Work instruction — Do not copy the pictures. Write out the lines from the start of the entries through the line containing "The HMTX World".

Provided data —
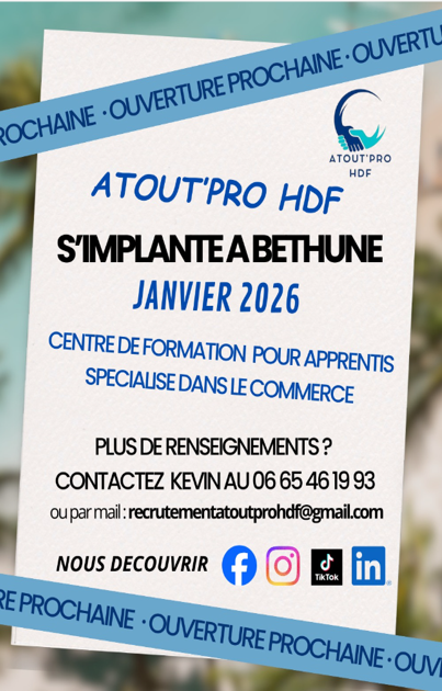 Le CFA d’Atout Pro’HDF est situé à Bailleul dans le département du Nord et à Béthune dans le département du Pas-de-Calais.
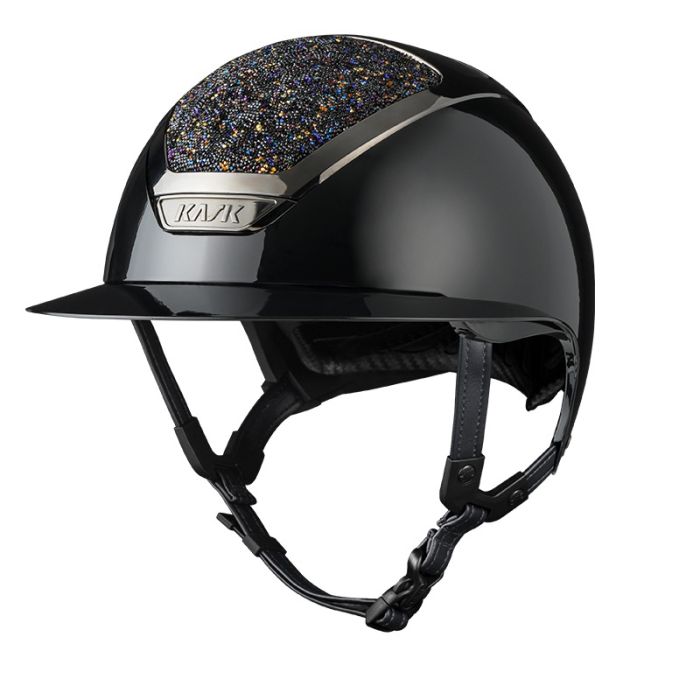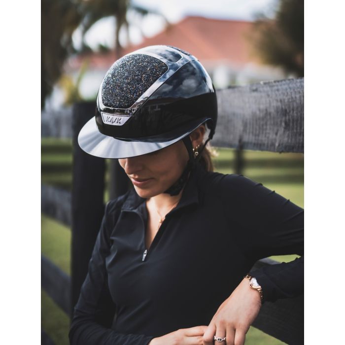 De Swaroski Midnight uitvoering straalt exclusiviteit uit met zijn diepe, glanzende zwarte kleur die prachtig opvalt onder alle lichtomstandigheden. De brede klep biedt extra bescherming tegen de zon, waardoor je ogen beter worden afgeschermd en je meer comfort ervaart tijdens buitenritten of wedstrijden.
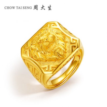 周大生黄金戒指男款新款999足金狮头指环正品首饰送
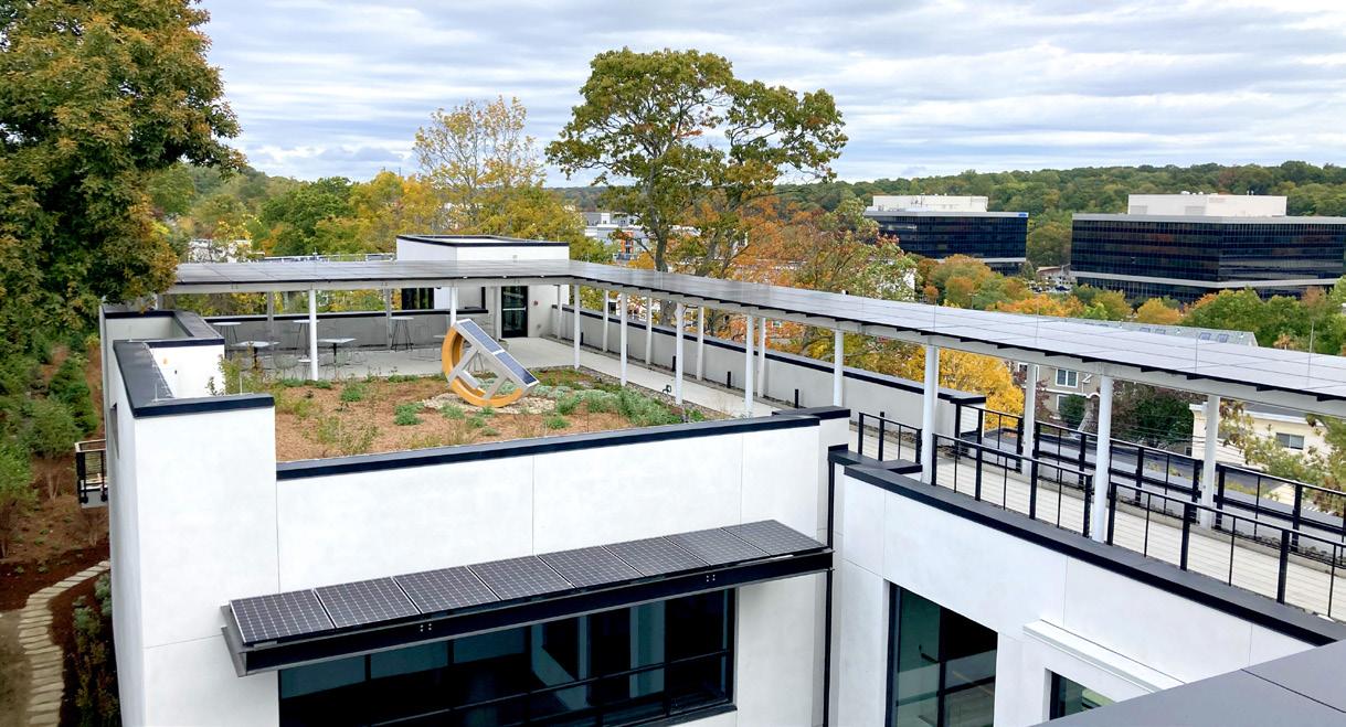 The HMTX World HQ (otherwise known as the ‘House Up On The Hill’) incorporates a diverse range of sustainability measures to fulfill its ambitious standards, proving that a modern design inspired by Bauhaus design principles where form is derived by function, can coincide within a deeply biophilic and deep green philosophical framework. The project has been recognized as the Greenest Building in the State of Connecticut for its sustainability endeavors and was honored with a Metropolis Planet Positive Award in 2023. Daylighting strategies are one of the key sustainability elements of HMTX, contributing both to the overall energy efficiency of the building and to the dynamic experience of moving through it. Let’s examine these aspects more closely.
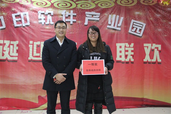 一等獎(jiǎng)獲得者——入園企業(yè)山東正方建設(shè)項(xiàng)目管理有限公司丁超 在聯(lián)歡會(huì)上,拓普書畫院孫老師向在園區(qū)工作的外國(guó)專家贈(zèng)送書畫,祝愿中外同事合作融洽、友誼長(zhǎng)青,讓所有員工在這隆冬中感受到陣陣暖意。聯(lián)歡會(huì)上的游戲抽獎(jiǎng)環(huán)節(jié)熱鬧非凡,大家熱情參與,一位入園企業(yè)員工獲得全自動(dòng)洗衣機(jī)1臺(tái),其他員工獲得保溫水杯、抱枕、筆記本、毛絨玩具等。 聯(lián)歡會(huì)受到臨沂科迅信息有限公司的大力贊助,龍嘟嘟電子商務(wù)有限公司更是帶來了掃碼送堅(jiān)果活動(dòng),讓大家大快朵頤。 在聯(lián)歡會(huì)的最后,誠(chéng)信云平臺(tái)部員工再度跳起《小蘋果》,意猶未盡的同事上臺(tái)一起跳了起來,此次慶圣誕迎新年聯(lián)歡會(huì)在一片歡快聲中圓滿結(jié)束。 |
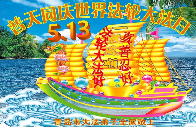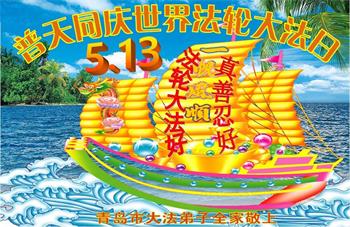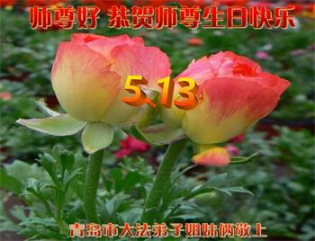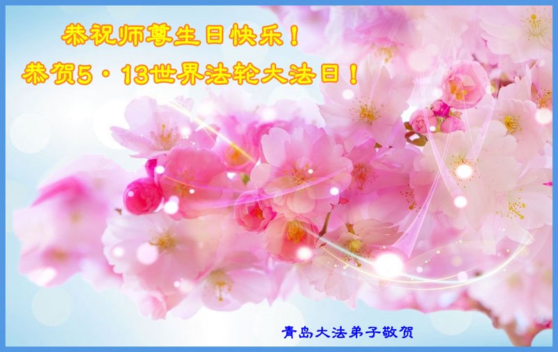 山东省青岛大法弟子恭祝师尊生日快乐!普天同庆法轮大法日!
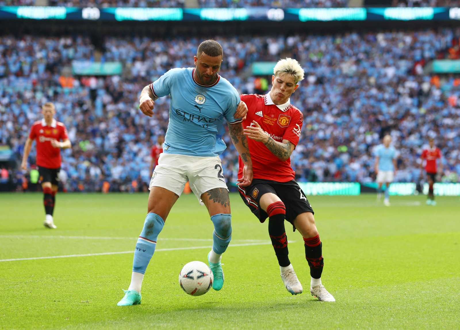 وأقيمت مباراة نهائي كأس الاتحاد الإنجليزي، بين مانشستر سيتي والمان يونايتد، اليوم السبت، على ملعب ويمبلي.
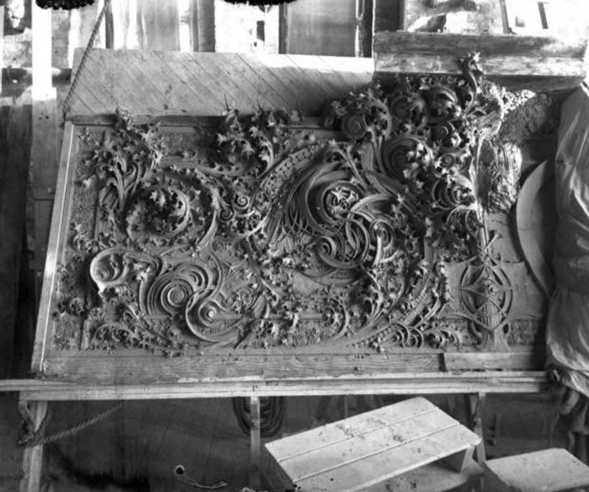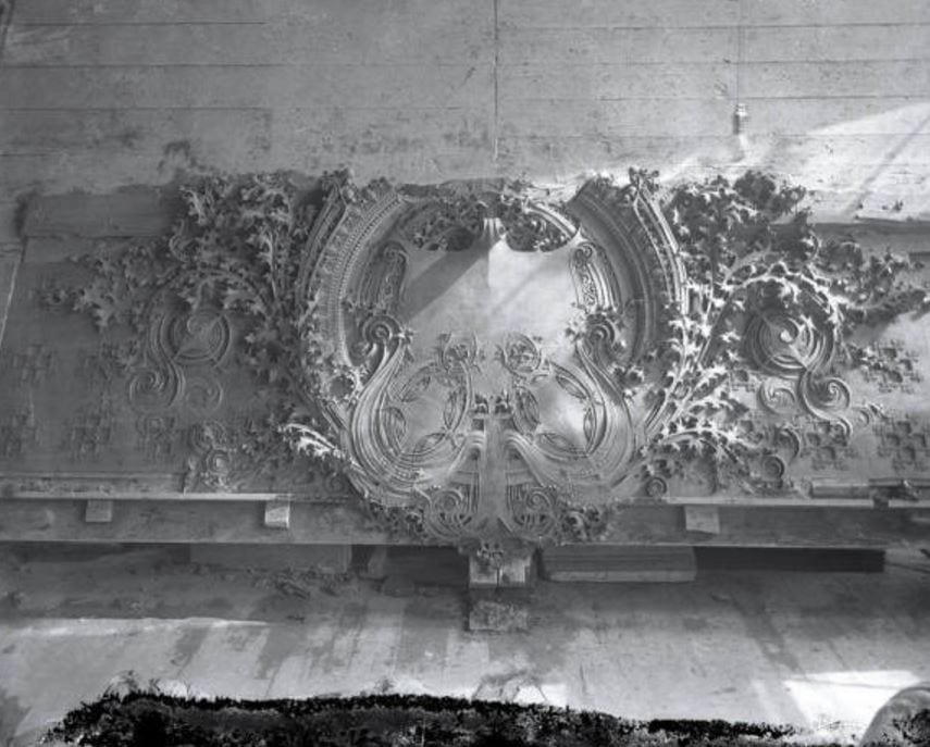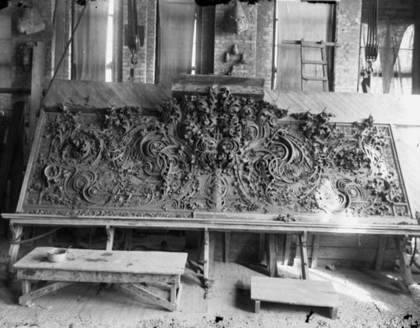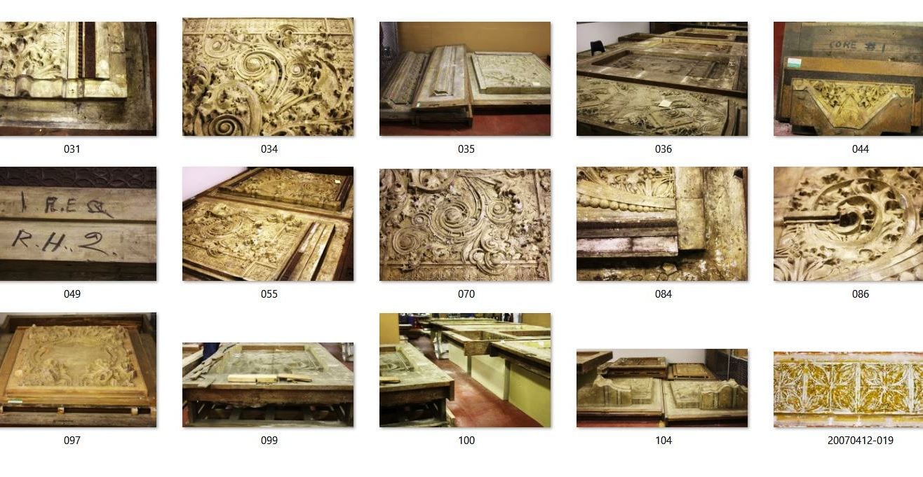 several years ago i had the privilege, alongside a fellow chicago architectural business owner, of visiting the university of wisconsin-milwaukee’s historic preservation department, on a memorable roadtrip to examine the original molds the university had acquired. the molds had been rescued by a professor from the architecture department from being trashed by carson pirie scott & company, when it came time to clear out an old storage facility they kept in wisconsin. now tucked away in a field house, among lawnmowers, field equipment and other such mundane objects, were these oversized and incredibly detailed pattern molds (and plaster and composite ornament), in surprisingly good condition. they were badly needing a new home, and stuart and i were called up there to assist in finding the right place for this vast collection of molded plaster ornament.
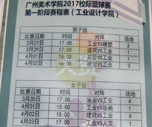 广美2017校际篮球赛之工业设计学院第一阶段赛程表
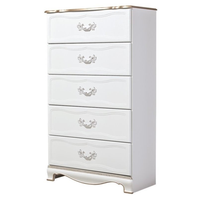 | Ashley Furniture - Chests - B35546 - Fit for a princess. Every girl would love to put her favorite clothes here because she'll feel like royalty with this elegant French-inspired Korabella chest of drawers. Rose gold color accents adorn this piece. Drawers open beautifully with sparkling rose gold colored handles inset with faux crystal accents.Finish: WhiteStyle: Traditional ClassicsReplicated oak grain5 Drawers3D pressed drawer fronts and detailed scroll and leaf appliques in rose color accent and inset faux crystalSide roller glides for smooth operating drawersSpecifications:Overall Product Dimensions: 32"" W x 16"" D x 55"" HOverall Product Weight: 122 lbsDrawer Interior DImensions: 28.75"" x 13.00"" x 6.50""
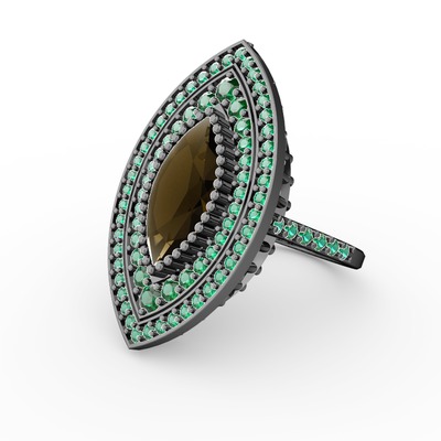 Dumanlı kuvars ve yeşil kuvars 925 ayar siyah rodyum kaplama gümüş yüzük
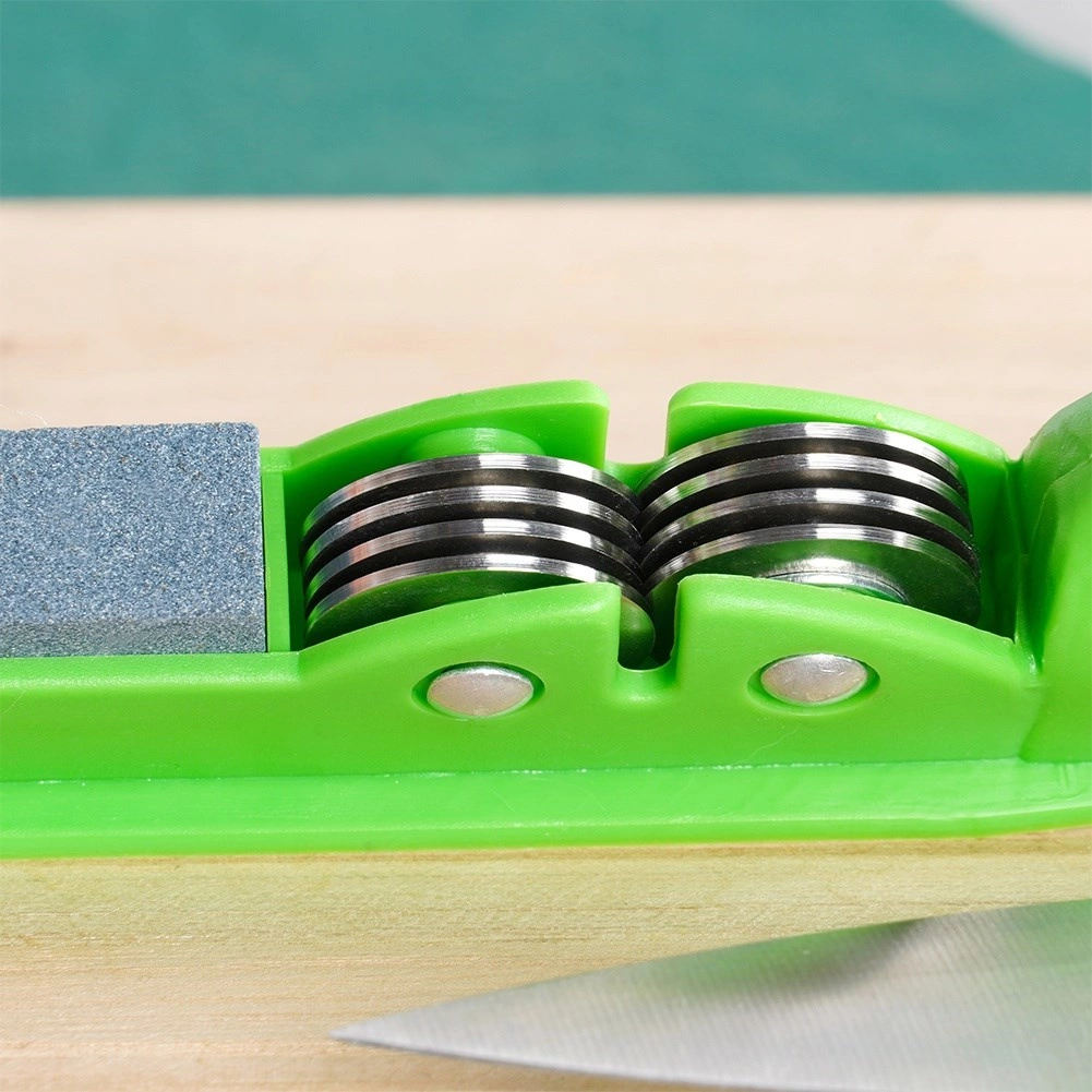 A fém csiszolókorongok visszaállítják az élét, az elülső kőfelület pedig kisimítja a tiszta, tépődésmentes vágásért.

Solution for this task —
 Le CFA d’Atout Pro’HDF est situé à Bailleul dans le département du Nord et à Béthune dans le département du Pas-de-Calais.
 De Swaroski Midnight uitvoering straalt exclusiviteit uit met zijn diepe, glanzende zwarte kleur die prachtig opvalt onder alle lichtomstandigheden. De brede klep biedt extra bescherming tegen de zon, waardoor je ogen beter worden afgeschermd en je meer comfort ervaart tijdens buitenritten of wedstrijden.
 周大生黄金戒指男款新款999足金狮头指环正品首饰送
 The HMTX World HQ (otherwise known as the ‘House Up On The Hill’) incorporates a diverse range of sustainability measures to fulfill its ambitious standards, proving that a modern design inspired by Bauhaus design principles where form is derived by function, can coincide within a deeply biophilic and deep green philosophical framework. The project has been recognized as the Greenest Building in the State of Connecticut for its sustainability endeavors and was honored with a Metropolis Planet Positive Award in 2023. Daylighting strategies are one of the key sustainability elements of HMTX, contributing both to the overall energy efficiency of the building and to the dynamic experience of moving through it. Let’s examine these aspects more closely.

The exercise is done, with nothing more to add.